[[ Information supplied, beginning ]]
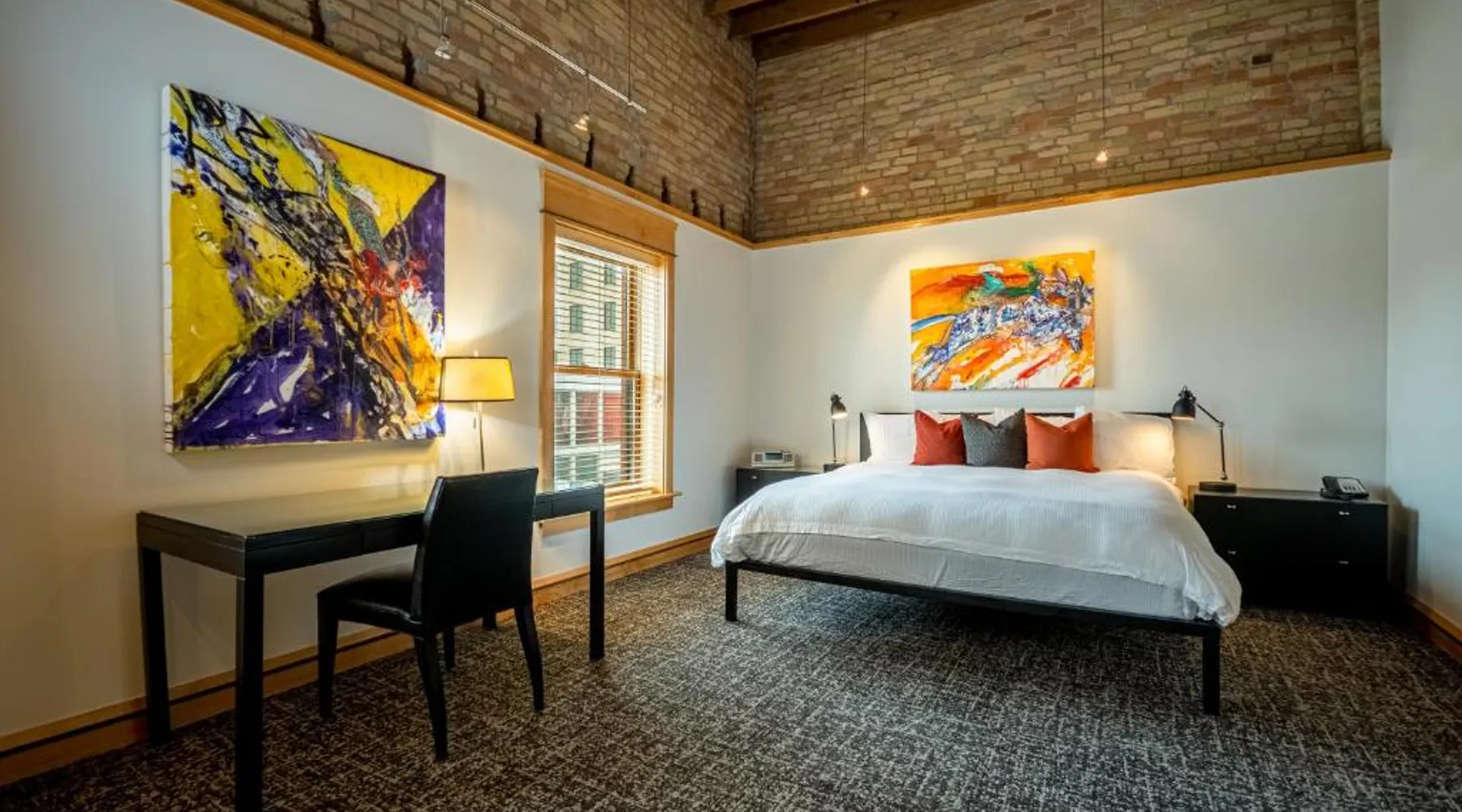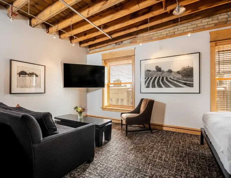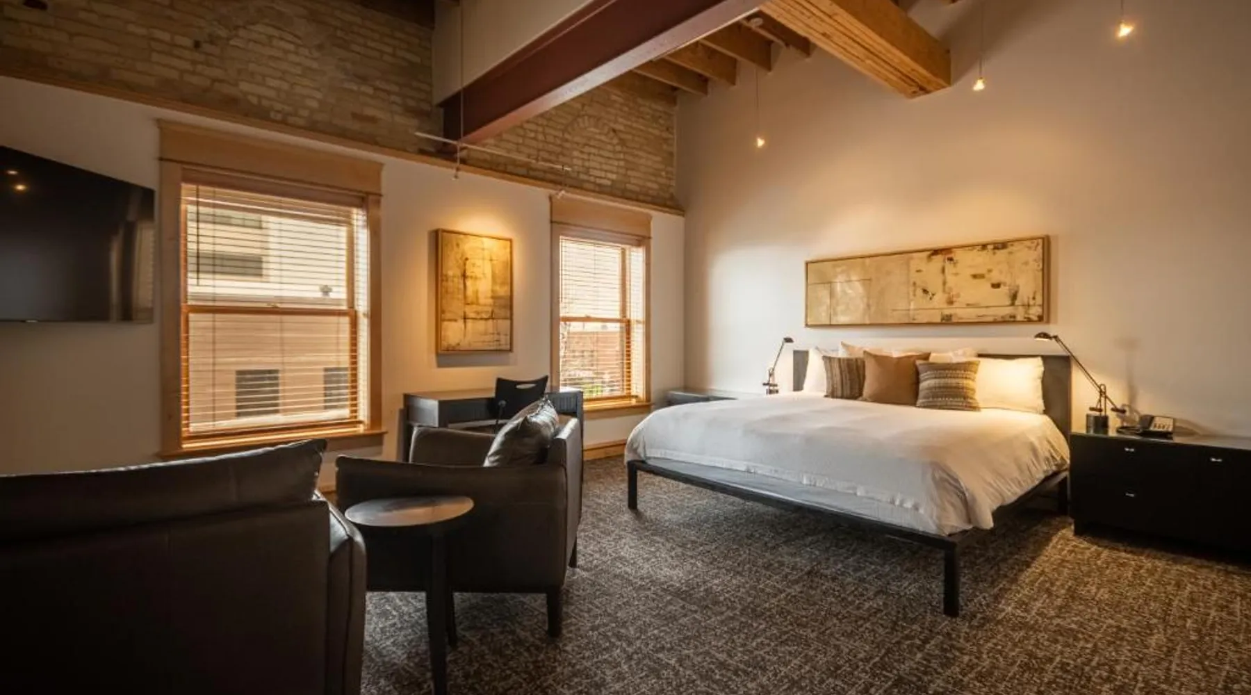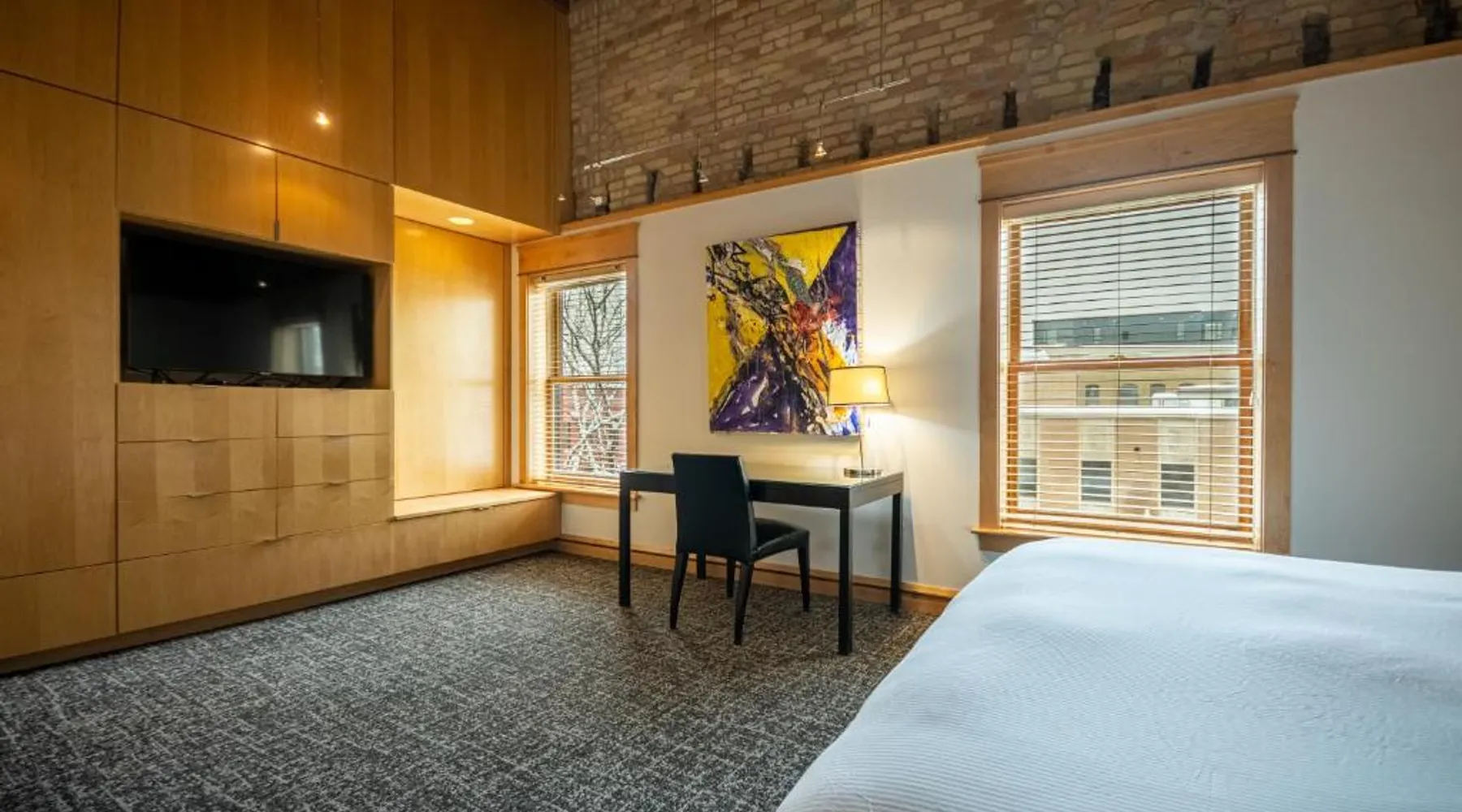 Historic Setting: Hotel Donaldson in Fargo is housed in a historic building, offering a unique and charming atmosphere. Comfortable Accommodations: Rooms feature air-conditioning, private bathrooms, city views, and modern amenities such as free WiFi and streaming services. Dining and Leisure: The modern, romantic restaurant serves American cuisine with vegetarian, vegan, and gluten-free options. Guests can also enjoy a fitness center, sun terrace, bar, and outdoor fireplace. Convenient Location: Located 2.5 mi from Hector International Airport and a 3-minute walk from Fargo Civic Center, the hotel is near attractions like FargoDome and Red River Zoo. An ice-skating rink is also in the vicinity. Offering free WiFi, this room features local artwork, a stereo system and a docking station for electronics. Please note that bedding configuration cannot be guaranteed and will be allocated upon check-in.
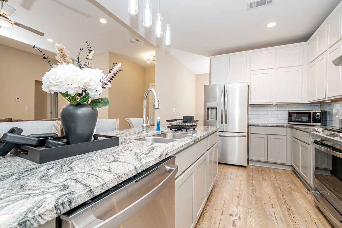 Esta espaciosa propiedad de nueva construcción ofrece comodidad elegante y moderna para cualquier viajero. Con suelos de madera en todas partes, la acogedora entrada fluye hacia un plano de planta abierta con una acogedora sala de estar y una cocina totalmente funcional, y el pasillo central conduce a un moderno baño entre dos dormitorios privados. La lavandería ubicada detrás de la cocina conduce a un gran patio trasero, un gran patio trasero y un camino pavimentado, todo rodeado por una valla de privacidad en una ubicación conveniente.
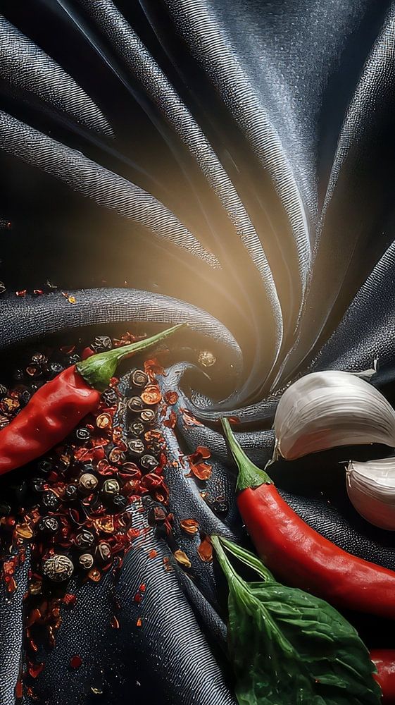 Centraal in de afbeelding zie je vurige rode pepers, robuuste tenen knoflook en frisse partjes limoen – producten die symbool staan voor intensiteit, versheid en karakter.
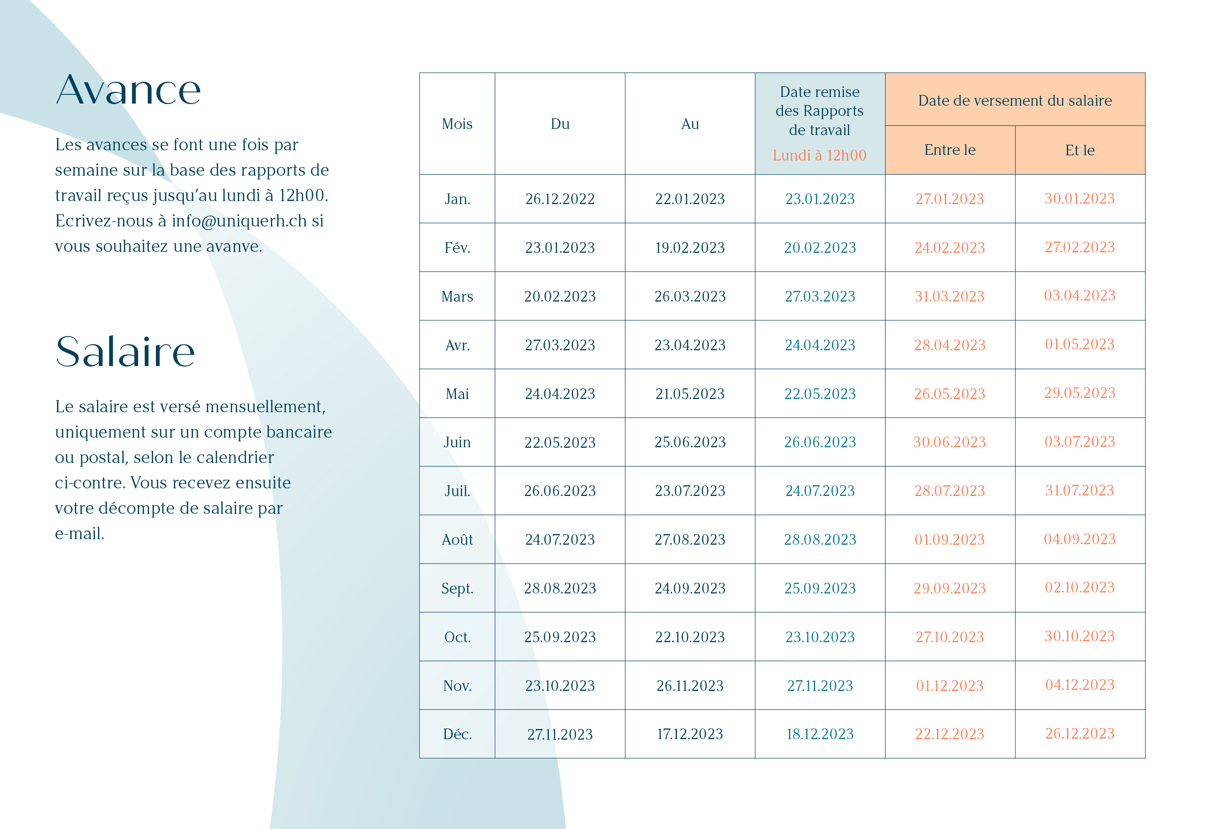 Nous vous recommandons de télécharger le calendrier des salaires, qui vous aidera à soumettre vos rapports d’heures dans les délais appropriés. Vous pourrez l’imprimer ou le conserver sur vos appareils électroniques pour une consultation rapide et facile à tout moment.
[[ Information supplied, end ]]
## [What the exercise asks]
All the lines above are to be given again exactly as they read, with the pictures removed.

## [Written reply]
 Historic Setting: Hotel Donaldson in Fargo is housed in a historic building, offering a unique and charming atmosphere. Comfortable Accommodations: Rooms feature air-conditioning, private bathrooms, city views, and modern amenities such as free WiFi and streaming services. Dining and Leisure: The modern, romantic restaurant serves American cuisine with vegetarian, vegan, and gluten-free options. Guests can also enjoy a fitness center, sun terrace, bar, and outdoor fireplace. Convenient Location: Located 2.5 mi from Hector International Airport and a 3-minute walk from Fargo Civic Center, the hotel is near attractions like FargoDome and Red River Zoo. An ice-skating rink is also in the vicinity. Offering free WiFi, this room features local artwork, a stereo system and a docking station for electronics. Please note that bedding configuration cannot be guaranteed and will be allocated upon check-in.
 Esta espaciosa propiedad de nueva construcción ofrece comodidad elegante y moderna para cualquier viajero. Con suelos de madera en todas partes, la acogedora entrada fluye hacia un plano de planta abierta con una acogedora sala de estar y una cocina totalmente funcional, y el pasillo central conduce a un moderno baño entre dos dormitorios privados. La lavandería ubicada detrás de la cocina conduce a un gran patio trasero, un gran patio trasero y un camino pavimentado, todo rodeado por una valla de privacidad en una ubicación conveniente.
 Centraal in de afbeelding zie je vurige rode pepers, robuuste tenen knoflook en frisse partjes limoen – producten die symbool staan voor intensiteit, versheid en karakter.
 Nous vous recommandons de télécharger le calendrier des salaires, qui vous aidera à soumettre vos rapports d’heures dans les délais appropriés. Vous pourrez l’imprimer ou le conserver sur vos appareils électroniques pour une consultation rapide et facile à tout moment.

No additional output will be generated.